In recent months, it has included a spy balloon traversing the United States for about a week, Chinese purchases of real estate near U.S. military bases and a secret Chinese police station operating out of New York City in an apparent attempt to monitor and suppress critics of the Chinese Communist Party.
“They are using all the tools in their toolbox” to spy on the United States, Jill Murphy, the FBI’s deputy assistant director of counterintelligence, told a House Homeland Security subcommittee.
The Chinese are doing “anything that can give them a competitive advantage” in the economic and military competition, Murphy said.
As the Chinese government moves toward a whole-of-government approach to confront the United States, “It’s unprecedented in the history of the FBI,” she said.
The most likely risk of military conflict comes from Chinese claims to Taiwan, according to U.S. intelligence reports.
The Biden administration’s main effort to counter Chinese economic competition has been the CHIPS and Science Act that President Joe Biden signed into law last August. It allocates about $280 billion in new funding to boost domestic research and manufacturing for the U.S. semiconductor industry.
The subsidies and investment tax credits are eligible only to U.S. manufacturers in an effort to bring back an industry that China dominates.
The industry is taking on increasing importance among policymakers as artificial intelligence plays a bigger role in world economies. Semiconductors are critical to artificial intelligence.
China has criticized the CHIPS and Science Act as a Cold War maneuver.
In addition to competition over critical technologies, the Homeland Security Department described threats from espionage and the possibility of attacks on U.S. infrastructure when last month it announced its “90-day sprint” against Chinese infiltration.
Homeland Security Secretary Alejandro Mayorkas said his department would “sprint” to assess how China could harm the United States and to develop strategies to minimize the vulnerabilities.
The question the Subcommittee on Counterterrorism, Law Enforcement and Intelligence is confronting is whether they’ve really done enough.

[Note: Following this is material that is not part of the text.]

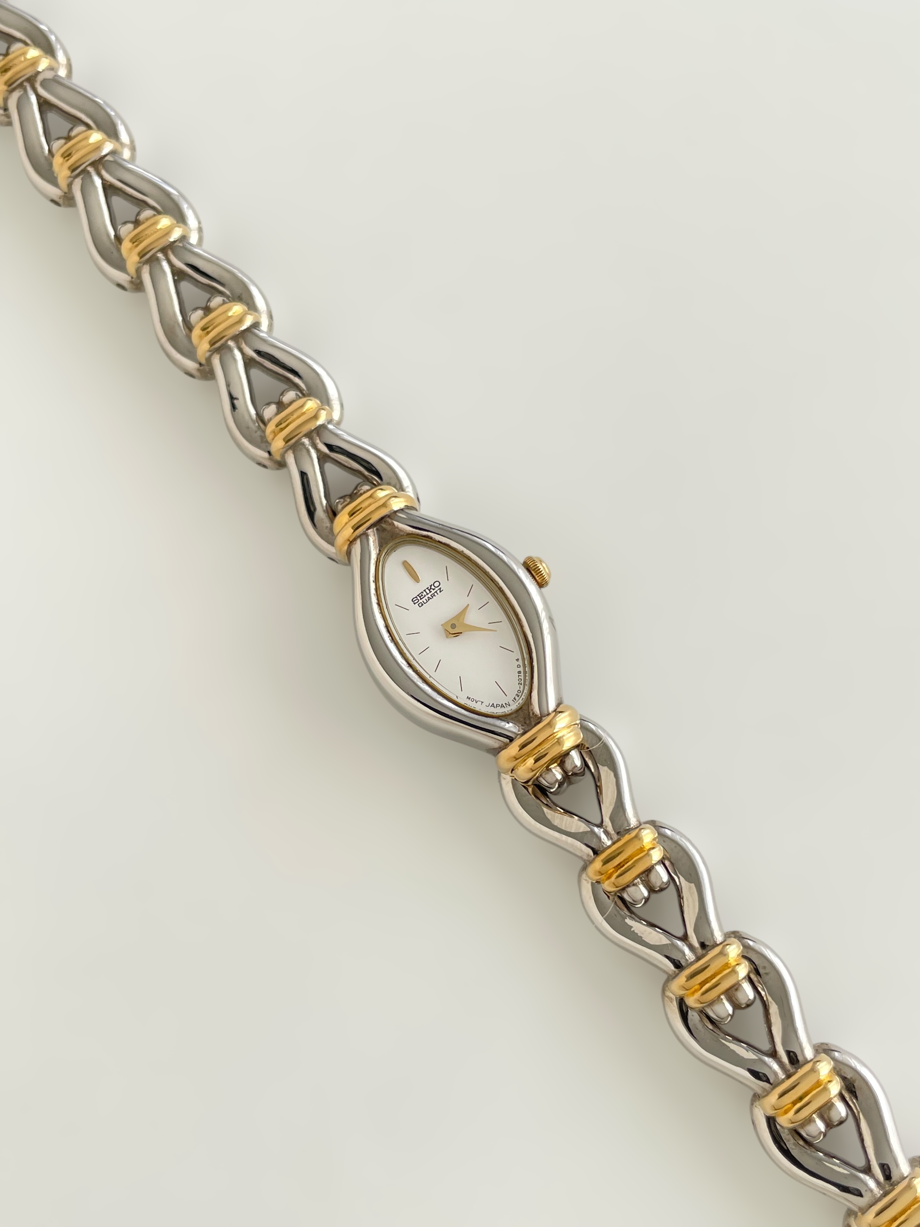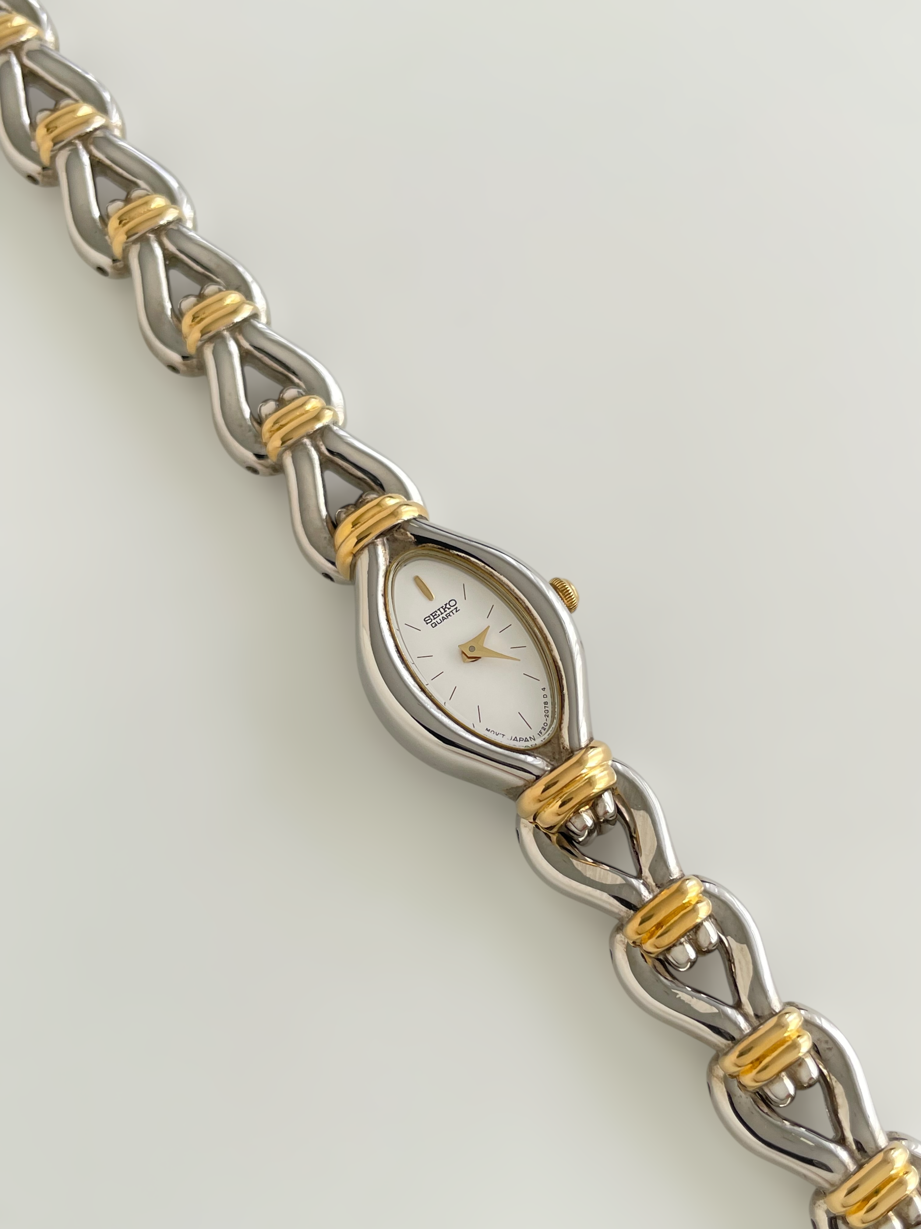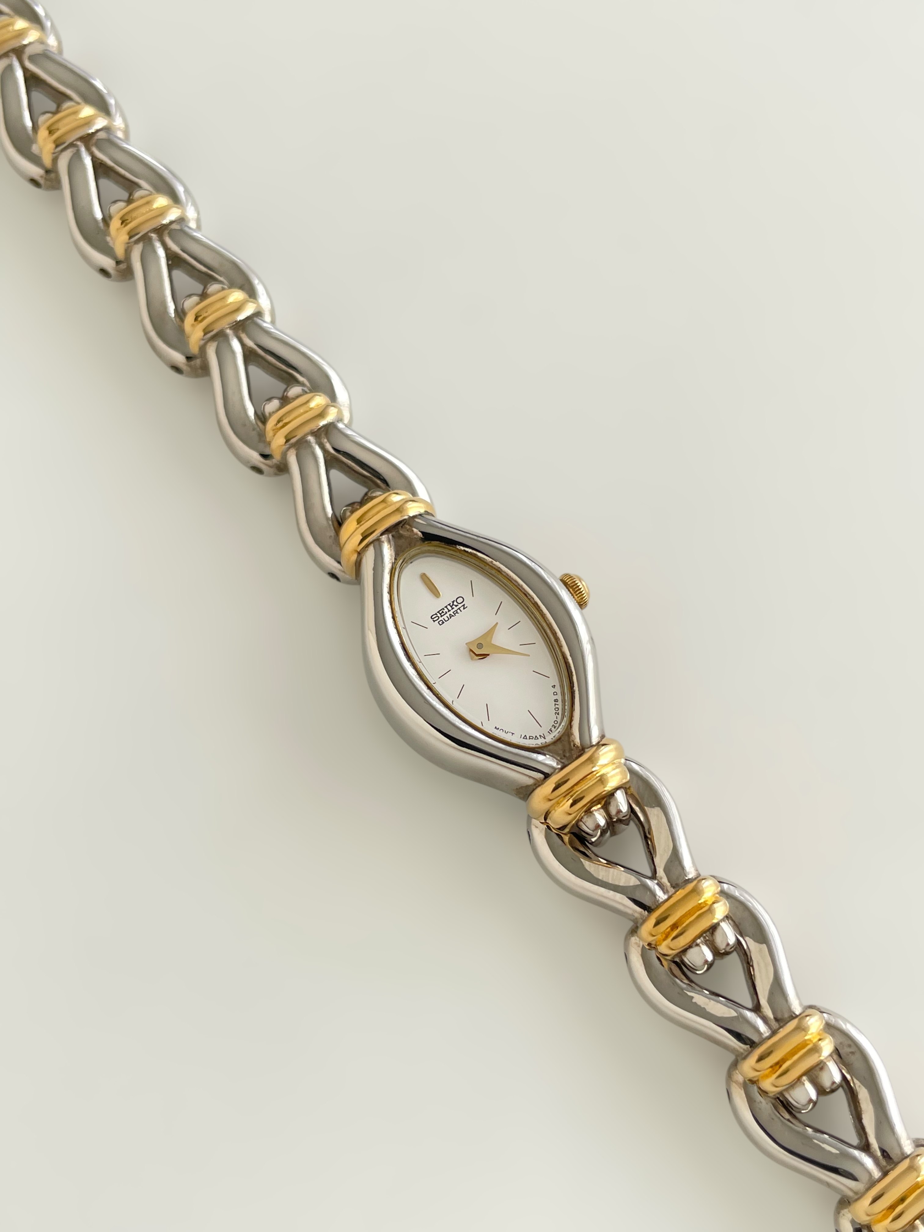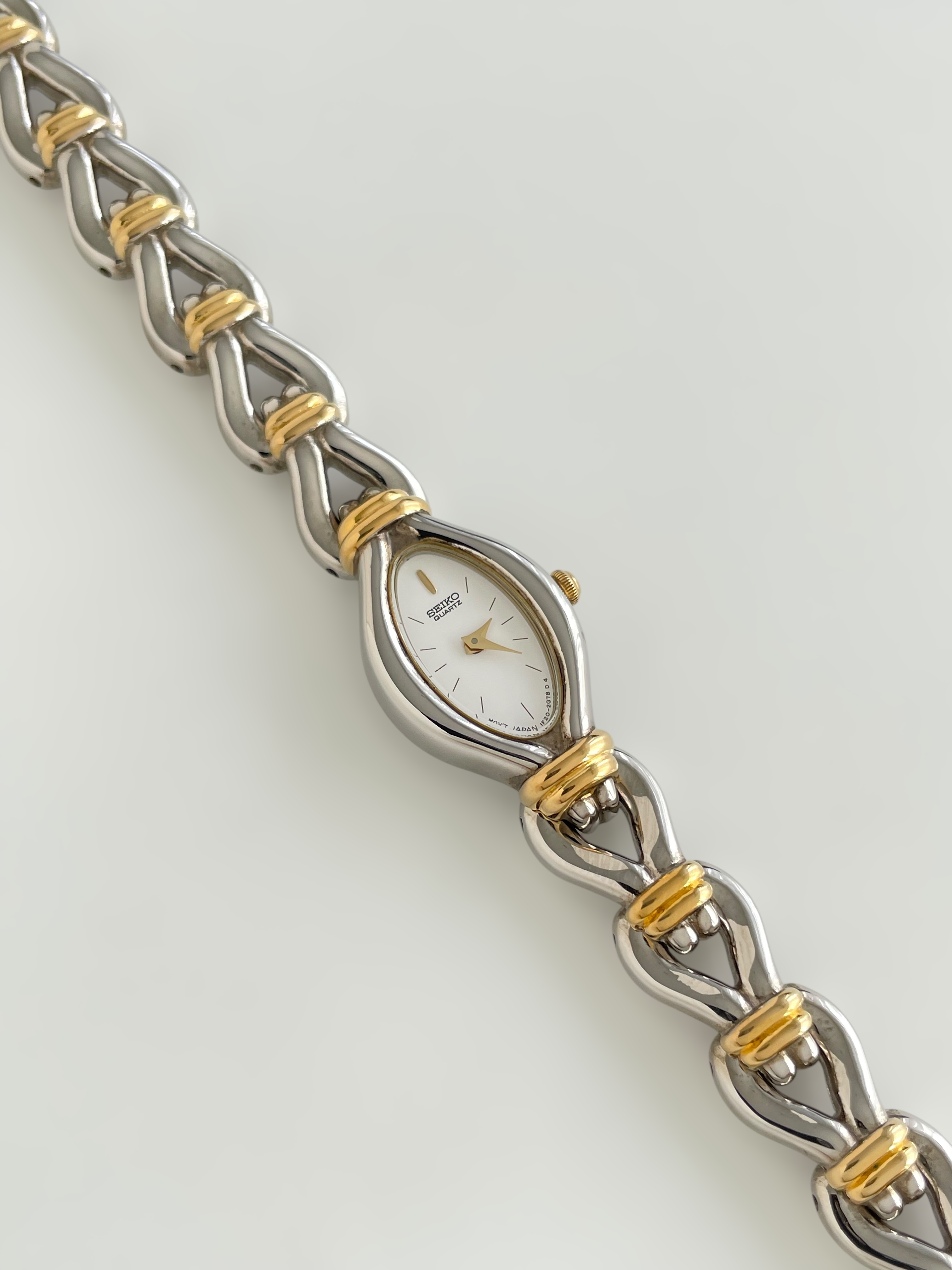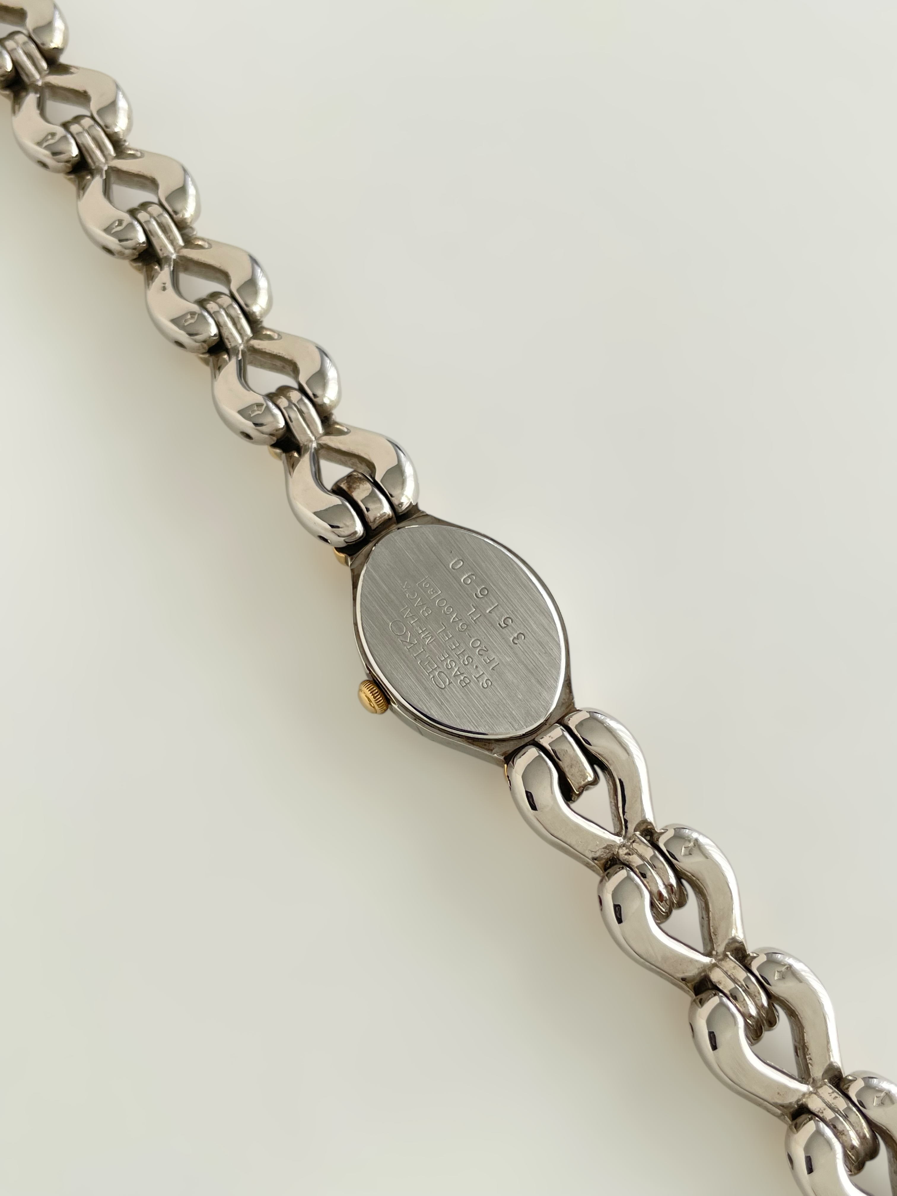 Gorgeous vintage and duotone Seiko watch with a unique bracelet design and a drop case. Bracelet clasp closure.

Rep. August Pfluger, R-Texas, the subcommittee chairman, estimated that Chinese thefts of U.S. intellectual property cost an average of $4,000 to $6,000 a year for each American household.
Intellectual property most commonly refers to inventions and other innovations developed by industries. The developers get patents on them for which they are supposed to be paid royalties if other groups use them.
The U.S. Commerce Department accuses China of implementing American innovations in its own industries without paying royalties, subsidizing them until competitors are driven out of business and then dominating the markets.
“China has been racing ahead for decades while we try to catch up,” Pfluger said.
Rep. Seth Magaziner, D-R.I., said unfair competition is threatening U.S. national defense and “expanding China’s reach into hundreds of companies around the world.”
He added, “The [Chinese Communist Party] does not plan to stop.”
The latest competitive volley was announced Sunday, when the Chinese government ordered its users of computer equipment important to its economy to stop buying products from Micron Technology, Inc., the biggest U.S. semiconductor manufacturer.
Micron’s computer chips carry “serious network security risks” for China’s information infrastructure and national security, the Cyberspace Administration of China said on its website.
Europe and Japan also are reducing Chinese access to their technology that they say could be used in weapons as President Xi Jinping’s government threatens to attack Taiwan and is increasingly aggressive toward Japan.